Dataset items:

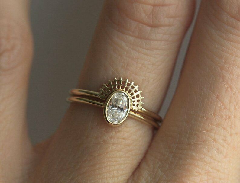 1.5ct Oval Cut Diamond Solitaire Engagement Ring Crown Band 14k Yellow Gold Over
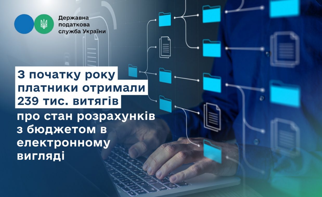 У 2025 році ДПС сформовано 239 тис. витягів про стан розрахунків з бюджетом в електронному вигляді за запитами платників.
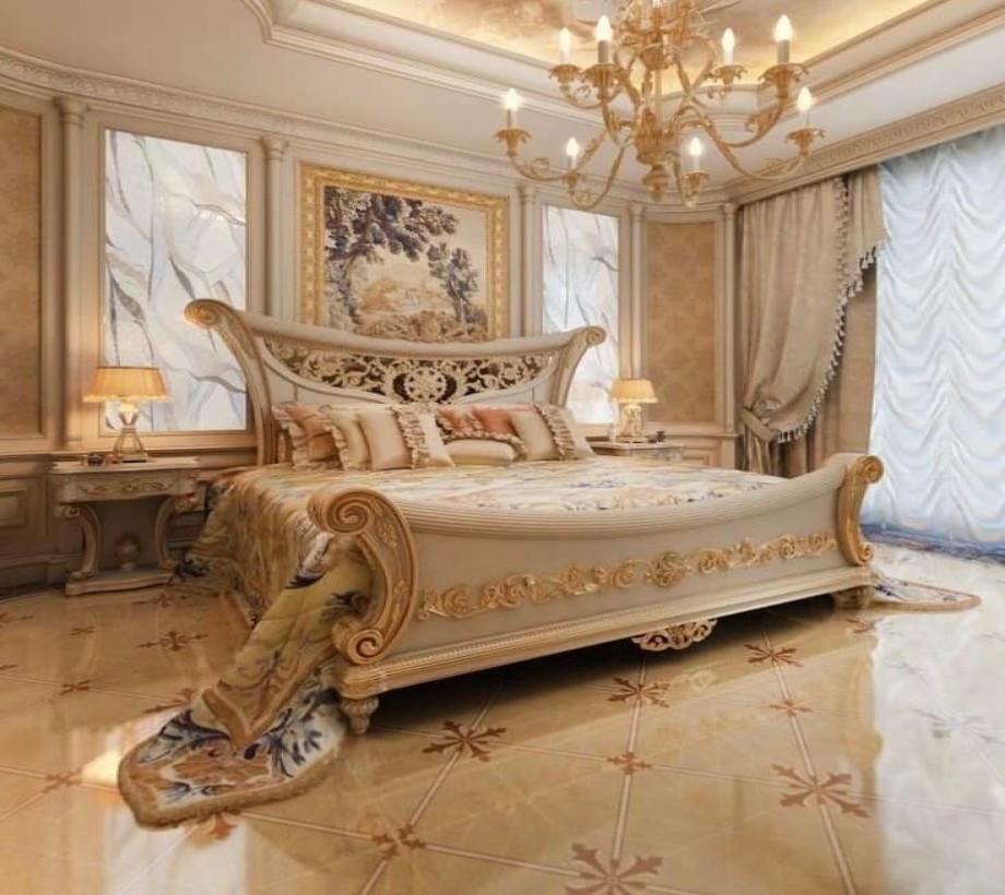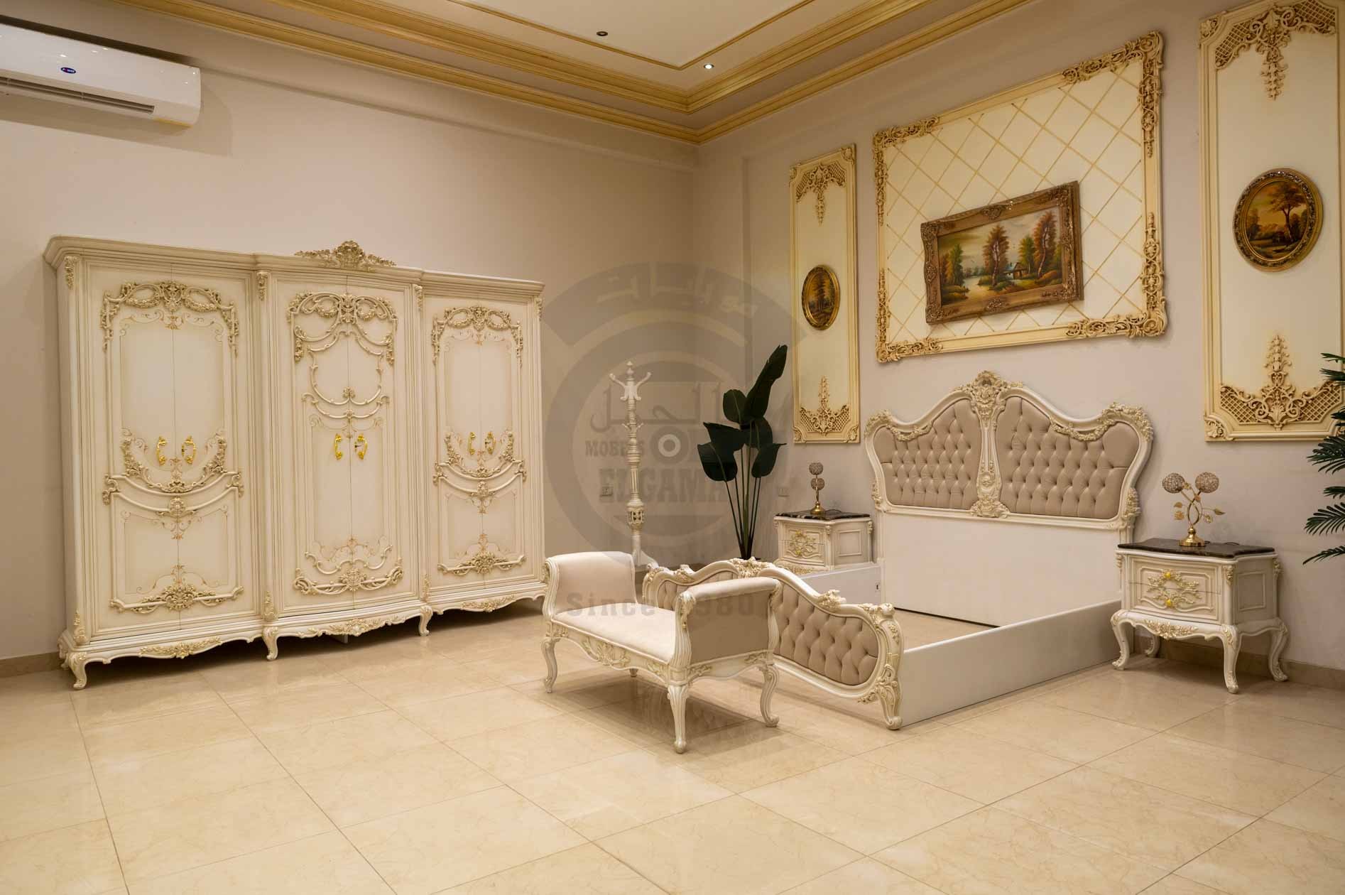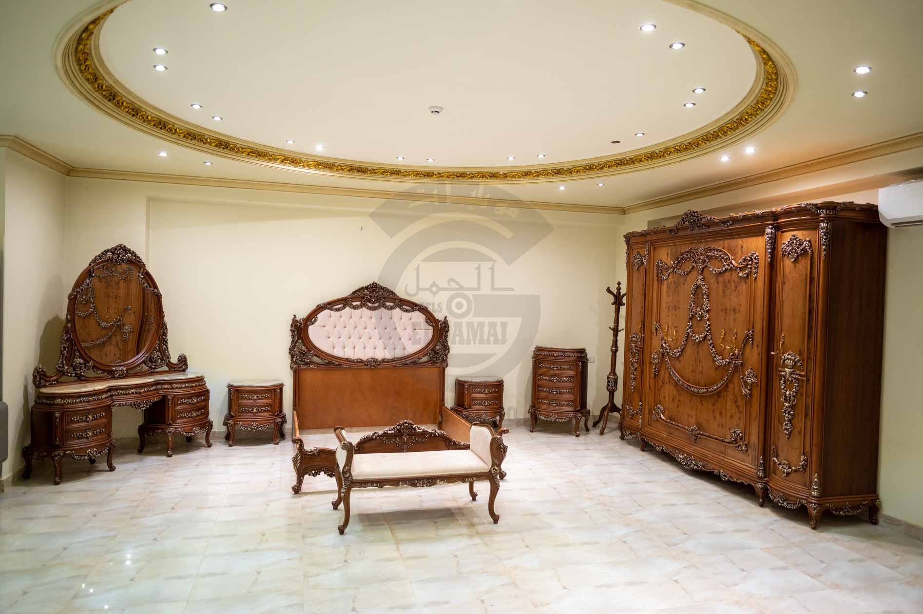 غرفة نوم مكونة من : سرير . دولاب . تسريحة . بف تسريحة . 2 كومود الغرفة مصنعه من خشب الزان الطبيعى بطابع كلاسيكى مميز
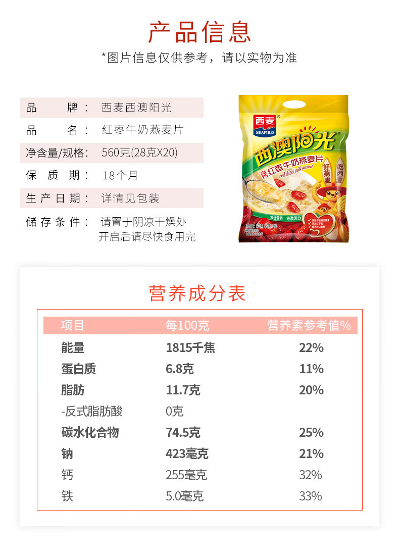 商品名称:SEAMILD/西麦红枣牛奶燕麦片560g
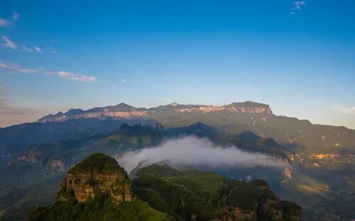 金龟朝阳是西坡绝壁与山上的缓坡构成的奇妙景观。缓坡为大小两山,大坡恰似椭圆形的龟背,极为饱满,小坡较为狭长,很像龟的头部前伸,而绝壁正好构成了龟板的边缘,体型硕大,“龟体”高约300米,长约500米。每当夕阳西下,斜日余晖映照在绵长的绝壁上,就闪射金光,所以叫做金龟朝阳。
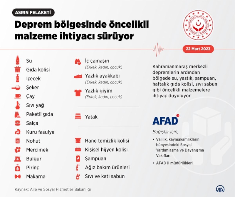 Aile ve Sosyal Hizmetler Bakanlığı, asrın felaketinin ardından bölgede su, yastık, şampuan, haftalık gıda kolisi, sıvı sabun gibi öncelikli malzemelere ihtiyaç duyulduğunu açıkladı.
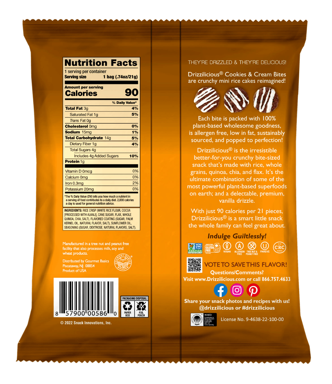 Our Drizzilicious?Cookies & Cream bites are mini rice cakes reimagined!
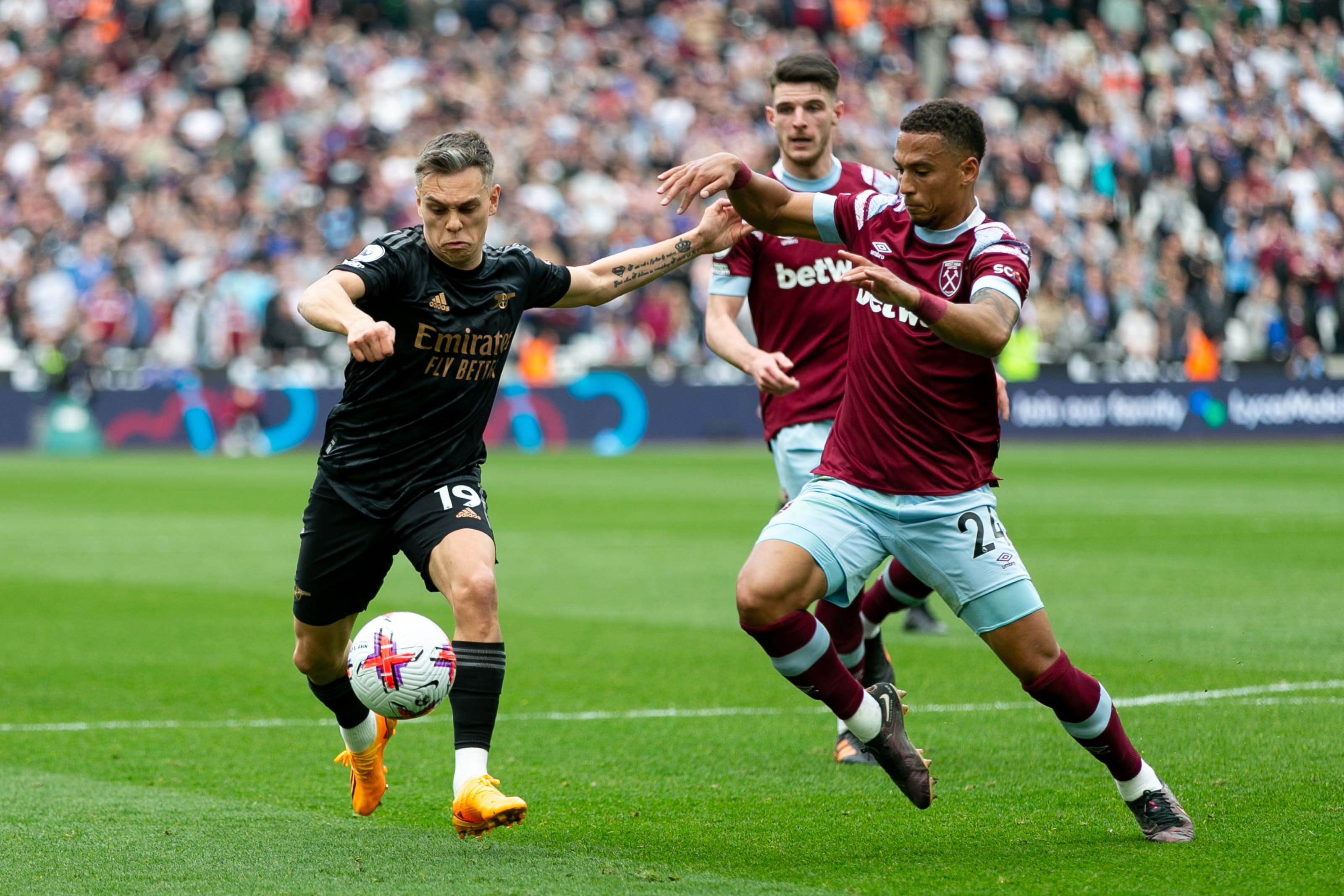 LONDON, ENGLAND - APRIL 01: Leandro Trossard of Arsenal runs with the ball whilst under pressure from Jack Harrison of Leeds United during the Premier League match between Arsenal FC and Leeds United at Emirates Stadium on April 01, 2023 in London, England. (Photo by Shaun Botterill/Getty Images)
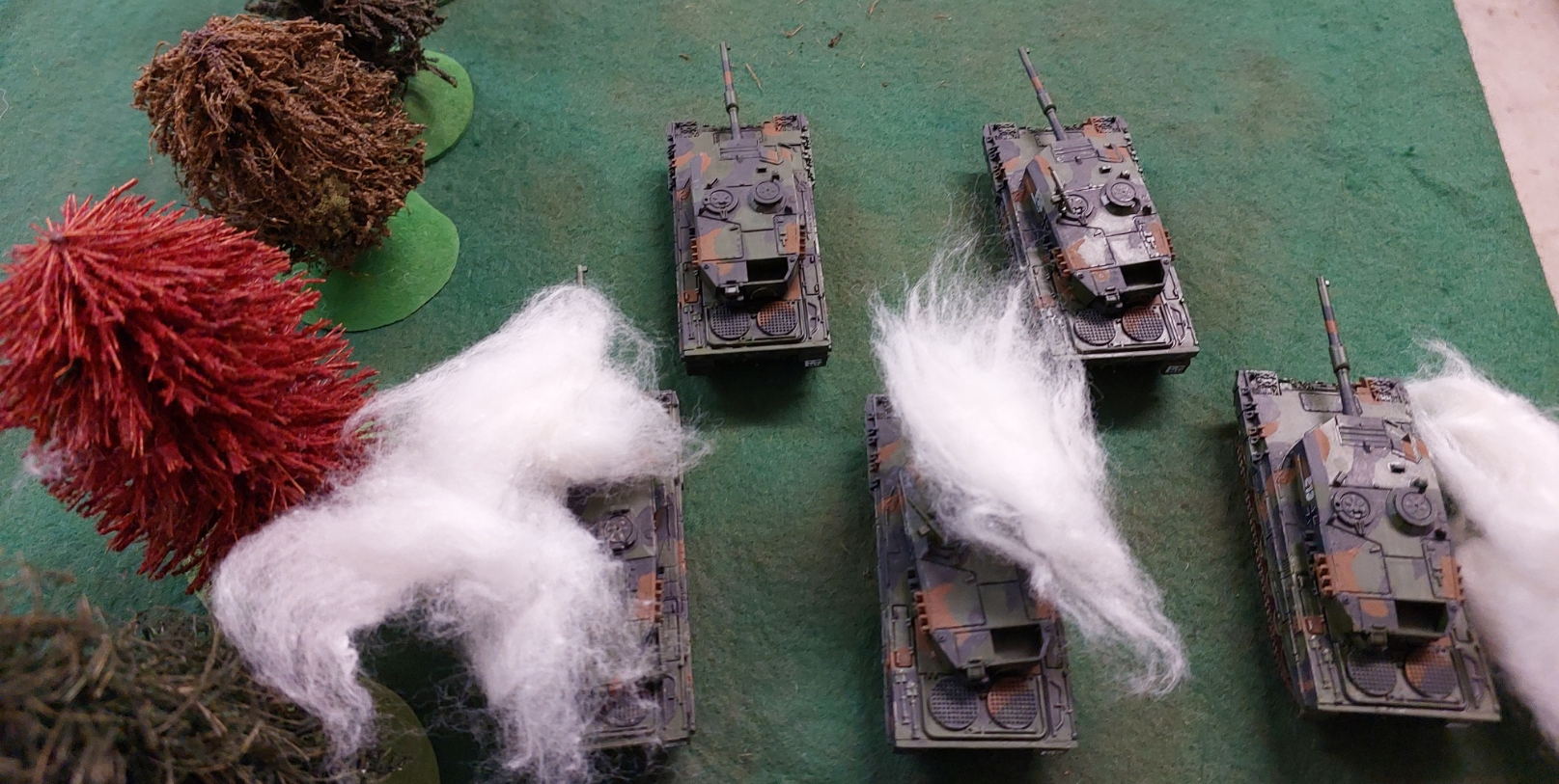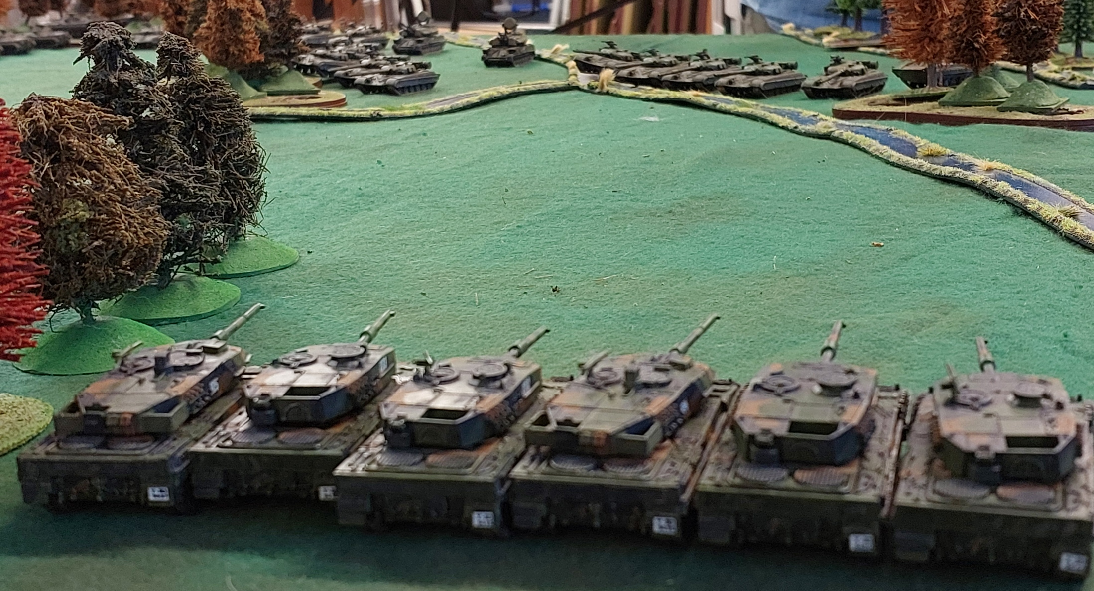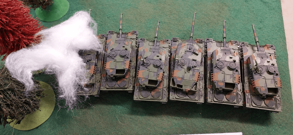 My 6 Leopard 2s are lined up and shoot the tank unit on the left…which contains the command tank. They managed to destroy them all .
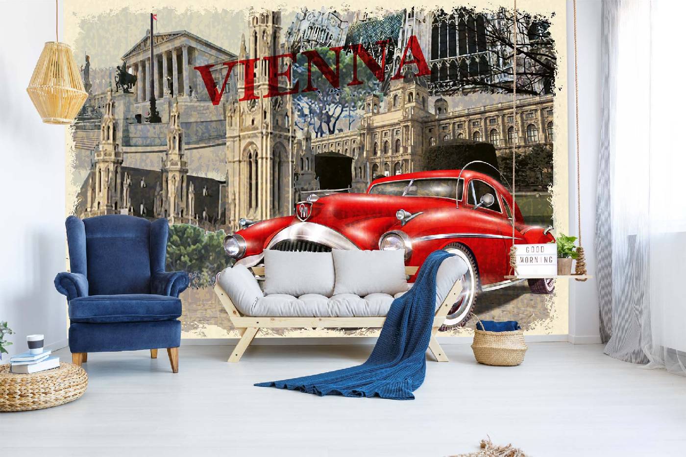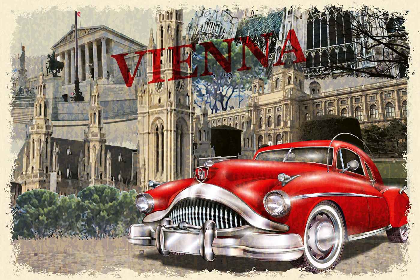 Vlies Fototapete - Vintage Wien Plakat 375 x 250 cm
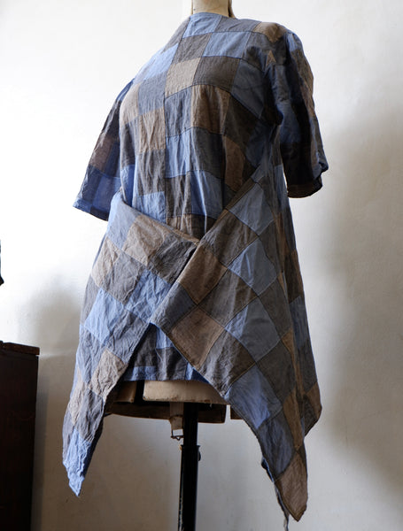 An iteration of the E.S.S Laboratory classic, the Patchwork Wattle Shirt is made from 100% Japanese cotton. This collarless shirt has raw edges and an exaggerated draped hem, creating a beautiful A-line shape.
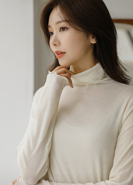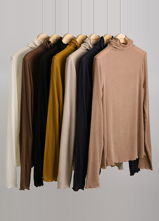 [柔软~ 接触皮肤的手感,演绎出优雅的形状,领口开始随着身体曲线,形成自然的褶皱,适合每天穿着的宝贝♥ 柔软的面料,收到的话200%满意的高领T恤~!!]
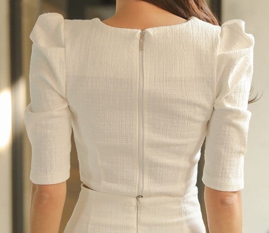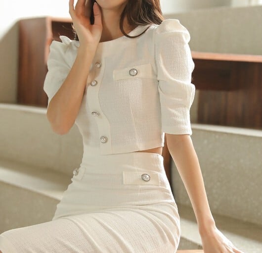 着用するだけでフェミニンな雰囲気が漂うブレストデザインエレガントスリムミドルドレスセットアップ。
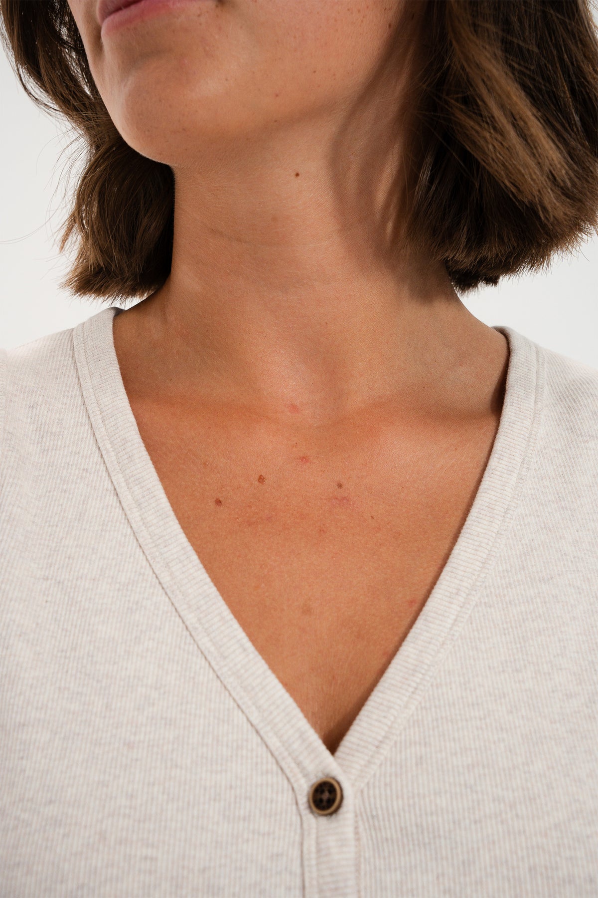 • Flattering V-neckline and button-through front
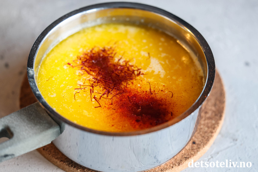 Knus safranen i morter, eller knus den litt ved å gni den mellom fingrene (du kan eventuelt også knuse den i morter sammen med litt sukker). Ha safranen i smørmelken.
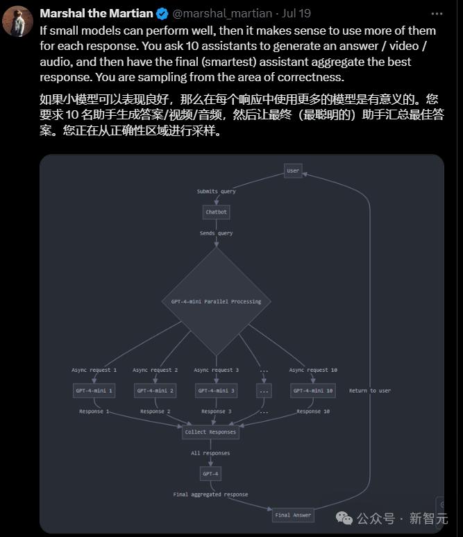 也有网友脑洞大开,如果小模型表现得好,那么术业有专攻,为什么不用更多的小模型来生成一个个回答呢?召集10个AI助手,然后让最聪明的那个做最后的总结,简直是AI版的智囊团。

Your instructions: Restate word for word only the lines from where the entries begin through the one with "金龟朝阳是西坡绝壁与山上的缓"; omit the pictures.

Expected answer:
 1.5ct Oval Cut Diamond Solitaire Engagement Ring Crown Band 14k Yellow Gold Over
 У 2025 році ДПС сформовано 239 тис. витягів про стан розрахунків з бюджетом в електронному вигляді за запитами платників.
 غرفة نوم مكونة من : سرير . دولاب . تسريحة . بف تسريحة . 2 كومود الغرفة مصنعه من خشب الزان الطبيعى بطابع كلاسيكى مميز
 商品名称:SEAMILD/西麦红枣牛奶燕麦片560g
 金龟朝阳是西坡绝壁与山上的缓坡构成的奇妙景观。缓坡为大小两山,大坡恰似椭圆形的龟背,极为饱满,小坡较为狭长,很像龟的头部前伸,而绝壁正好构成了龟板的边缘,体型硕大,“龟体”高约300米,长约500米。每当夕阳西下,斜日余晖映照在绵长的绝壁上,就闪射金光,所以叫做金龟朝阳。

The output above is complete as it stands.